TASK DESCRIPTION -> Give back exactly the lines starting at the one with "A yardang is" and ending at the last line of the data below. Pictures are not part of the copy.

GIVEN INFORMATION ->
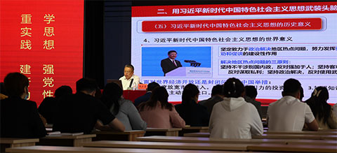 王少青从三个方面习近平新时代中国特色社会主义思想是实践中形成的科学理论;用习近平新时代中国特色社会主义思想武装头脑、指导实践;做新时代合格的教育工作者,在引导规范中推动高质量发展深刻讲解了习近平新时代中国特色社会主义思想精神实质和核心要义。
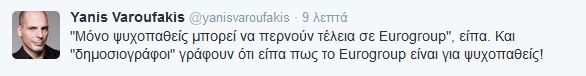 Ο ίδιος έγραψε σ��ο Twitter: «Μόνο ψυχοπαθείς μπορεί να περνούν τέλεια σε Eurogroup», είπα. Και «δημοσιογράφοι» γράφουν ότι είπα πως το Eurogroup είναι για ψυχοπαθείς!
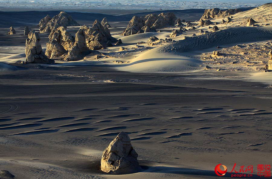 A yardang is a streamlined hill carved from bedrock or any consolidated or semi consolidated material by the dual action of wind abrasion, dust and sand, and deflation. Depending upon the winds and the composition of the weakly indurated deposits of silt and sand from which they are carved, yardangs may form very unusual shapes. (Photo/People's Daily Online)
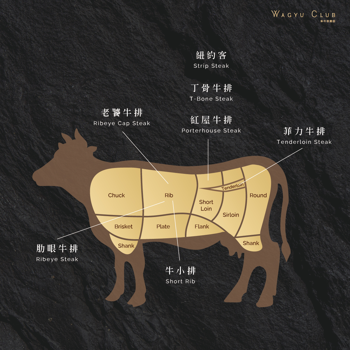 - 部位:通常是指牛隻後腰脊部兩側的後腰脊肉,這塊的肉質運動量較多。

TASK ANSWER ->
 A yardang is a streamlined hill carved from bedrock or any consolidated or semi consolidated material by the dual action of wind abrasion, dust and sand, and deflation. Depending upon the winds and the composition of the weakly indurated deposits of silt and sand from which they are carved, yardangs may form very unusual shapes. (Photo/People's Daily Online)
 - 部位:通常是指牛隻後腰脊部兩側的後腰脊肉,這塊的肉質運動量較多。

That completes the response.